If you are already using preview billing data, you are ahead of most teams. The next move is to operationalize that data into policy, team guidance, and monthly review rhythm. Also note GitHub's preview disclaimer: estimates are illustrative and final bills can differ by model mix and final pricing. Teams that do this well will not only avoid bill shock. They will protect the business case for broader AI adoption.

Frequently asked questions

Is GitHub Copilot getting more expensive in June 2026?+

Base seat prices are not changing according to GitHub. What changes is the billing model: usage is now measured through AI Credits based on token consumption, so monthly spend can vary more by usage pattern.

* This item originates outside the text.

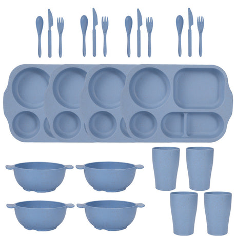 Blue Durable Eco-Friendly Wheat Straw Dinnerware Set - 24 Pieces with Plates, Bowls, Cups & Cutlery

Do code completions consume GitHub AI Credits?+

GitHub states that code completions and Next Edit suggestions remain included and do not consume AI Credits. Other Copilot interactions can consume credits depending on model and token usage.

How should engineering teams prepare for Copilot usage-based billing?+

Start with preview usage analysis, then implement budget controls, model defaults, and workflow-level policies. The best approach is to protect high-value use while constraining wasteful patterns.

What should I do if my preview bill looks high?+

Segment usage by workflow first, not just by user. In the April simulation cited here, the projected move from $39.00 to $199.59 suggests concentrated high-cost patterns that need policy and model controls. Heavy usage may still be worth it if tied to measurable delivery outcomes. Optimize and govern before cutting access broadly.